We're assuming that the acting student was incapable of modifying how they said "I solved everything" in a subtly more or less obnoxious fashion depending on what sweatshirt they were wearing. Maybe the actor wanted the researchers to come to the conclusion that Carnegie Mellon students were snobs.
It is my belief that cheaters start early and get better with time. The longer they succeed with their cheating without being caught, the more confident they become and are willing to take bigger risks. They will do everything in their power to hide their cheating and will deny ever cheating if caught.
I agree in 100%.
It is important to realize that these CMU students were not bad people -- they were just people and they learned from their social environment was the appropriate behavior in this case.
The same would go with all kinds of things in science -- such as not reporting "failed" experiments, ignoring observations, etc.
This sounds like by experimental design. What was the test hypothesis? Is the sweatshirt variable acting as a confounding variable? What kind of cheating is going on: repaying money or finishing the exam? The actor stated "I solved everything" which does not mean s/he got correctly solved every problem although it may imply as such. The experimenter said it was impossible (on average) to complete the exam.
Actually, this is a simple bit of social psychology that has been repeated many, many times over. We obey two masters -- ethics and social norms and the latter is much stronger. People, more often than not, adjust their behavior to what they determine to be normal. We happen to be very, very bad about determining what actually is normal and therefore a few anecdotes about an extreme will lead us to think that the extreme is normal and as a result, the norm shifts.

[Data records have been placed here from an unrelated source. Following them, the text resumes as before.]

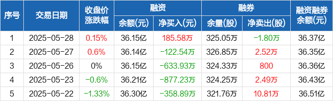 万科A:融资净买入185.58万元,融资余额36.15亿元(05-28)
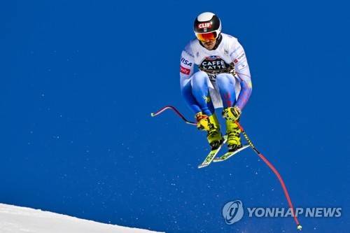 epa09680395 Bryce Bennett of the United States in action during a training session of the men's downhill race at the Alpine Skiing FIS Ski World Cup event in Wengen, Switzerland, 12 January 2022. EPA/JEAN-CHRISTOPHE BOTT
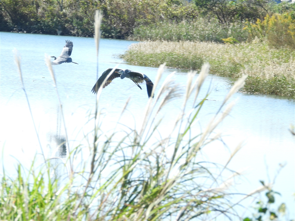 手前に雑草が来ても ピントはアオサギのまま維持してくれた
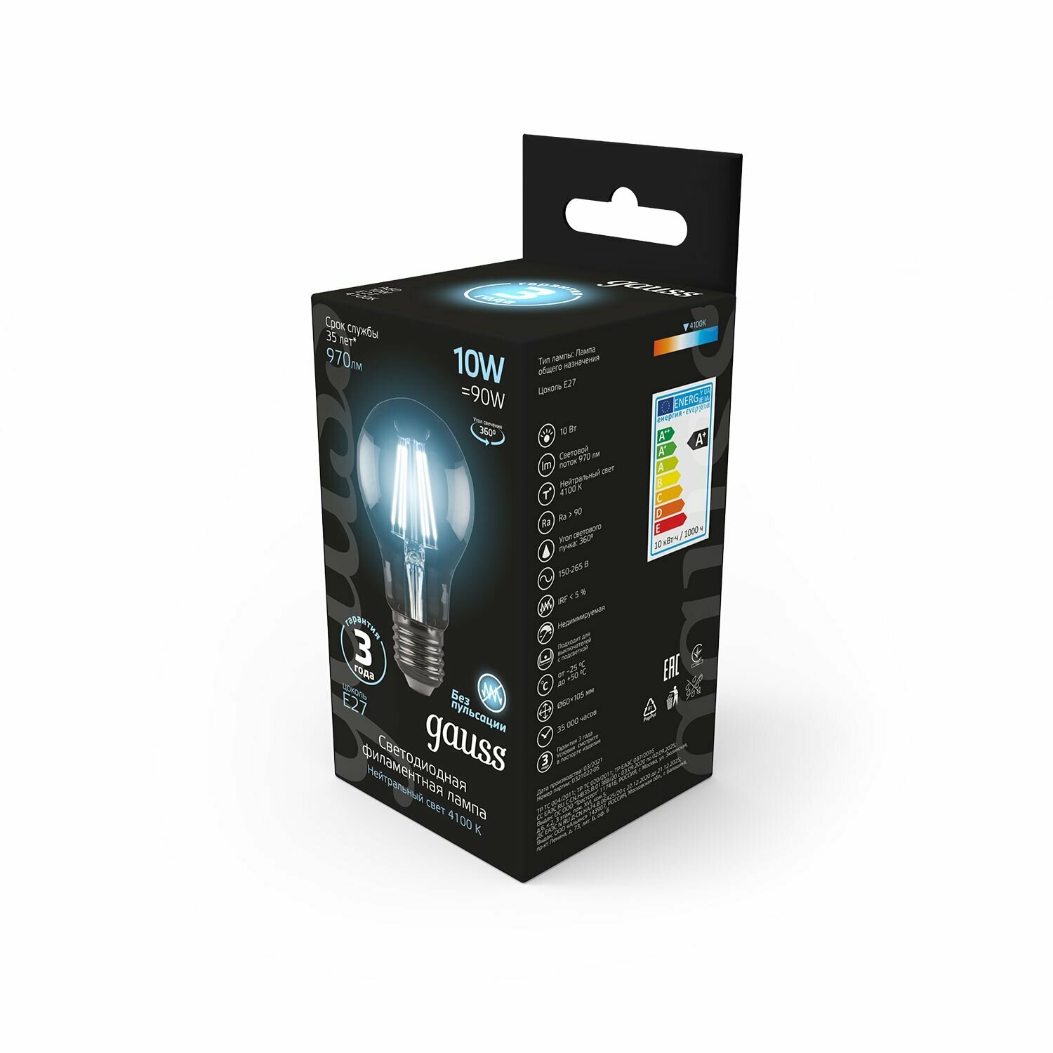 Лампа светодиодная филаментная Filament 10Вт A60 4100К нейтр. бел. E27 970лм GAUSS 102802210(3 штук.) интересное:
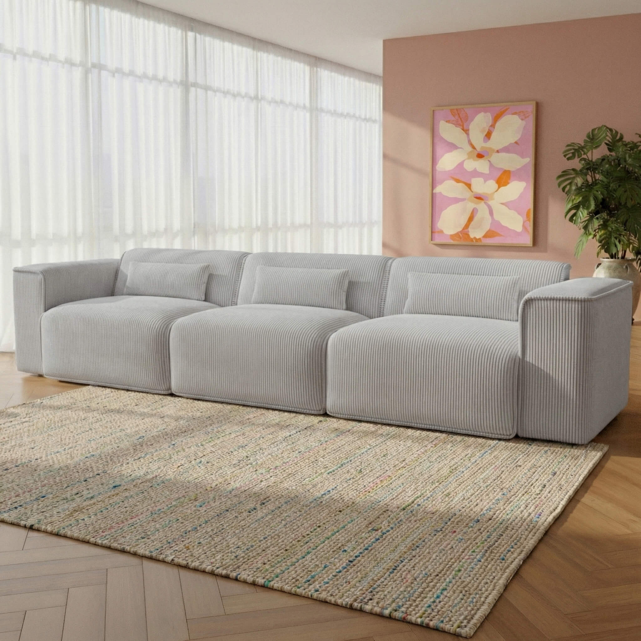 Rivestito in morbido velluto a coste, NUNA si distingue per la sua morbidezza. La sua tonalità sobria ed elegante gli permette di integrarsi naturalmente in qualsiasi tipo di arredamento, sia esso contemporaneo, scandinavo o minimalista. Un divano senza tempo che dona calore e stile al vostro salotto.
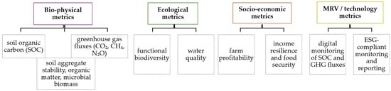 In regenerative agriculture, metrics are not just numbers, but vital tools that tell us whether changes are actually working. At the same time, they are a direct reflection of how this agricultural model reshapes ecosystems and local economies and contributes to combating climate change (Figure 6). Measuring the performance of regenerative agriculture requires a coherent set of metrics that reflect both biophysical processes (such as soil carbon stocks and flows), ecological impacts (diversity, soil health, water quality) and socio-economic outcomes (productivity, costs, financial resilience). Recent studies suggest that fundamental metrics include soil organic carbon (SOC) content and its dynamics over clearly defined time windows, greenhouse gas fluxes (CO2, CH4, N2O) per unit of output or hectare, soil health indicators (organic matter, aggregate stability, microbial biomass), functional biodiversity metrics, and economic indicators that assess on-farm cost-benefit. These elements are recognized as priorities for MRV and integration into Environmental, Social, Governance (ESG) reporting, as they allow for comparability across practices and locations, the assumption of additionality, and the estimation of permanence of carbon sequestration [,,,,].
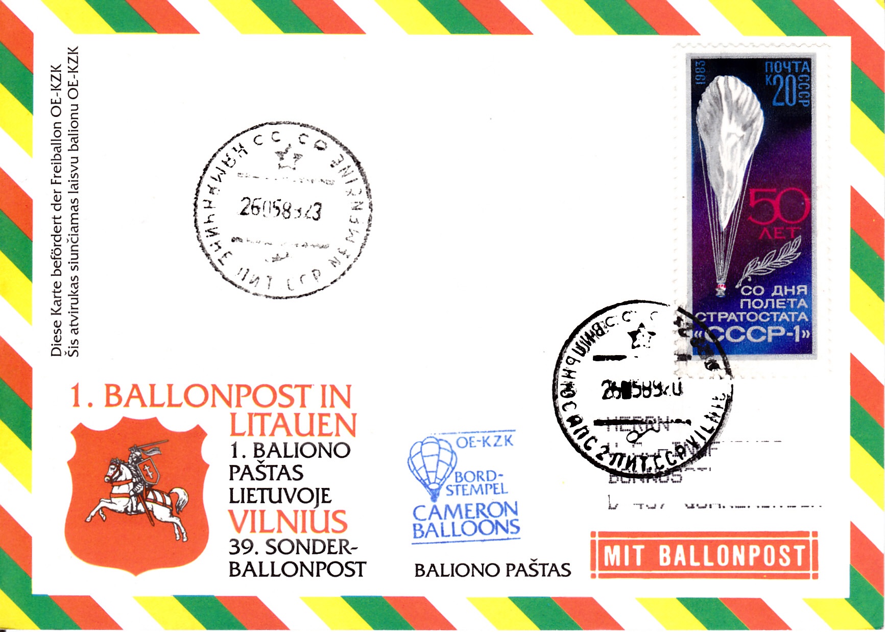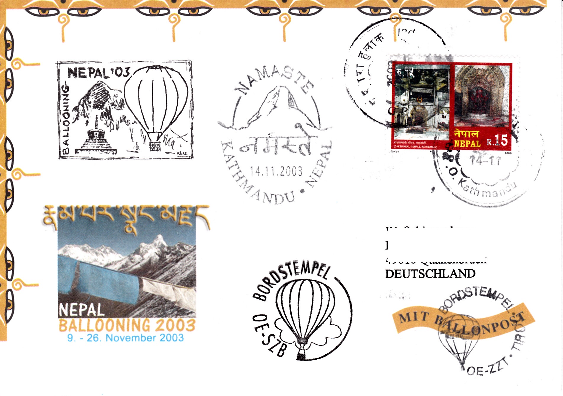 In Nepal wurde der 60. Sonder-Ballonpostflug der Österreichischen Pro Juventute am 14.11.2003 in Vilnius durchgeführt. Bei diesem Beleg stellt sich mir die Frage, mit welchem Ballon? Der Brief trägt zwei verschiedene Bordstempel: OE-SZB und OE-ZZT!

Universities have been using the same effect for a decade with posters proclaiming how much "normal" students drink. Students often believe the mean drinking rate to be significantly higher than it actually is and thereby adjust their own alcohol intake accordingly. When informed about the actual average, that average tends to fall because of the same sort of adjustment -- much more than any sort of preaching about the correlation between alcohol consumption and health or alcohol consumption and grades.
And, yes, anytime a philosopher of science sees the University of Pittsburgh denigrated as a "bad school" something must be said -- they don't call it the Cathedral of Learning for nothing.
Maybe "bad school" is a poor choice of words, but it is the competition, and presumably the test students want to perceived themselves as better than the competition.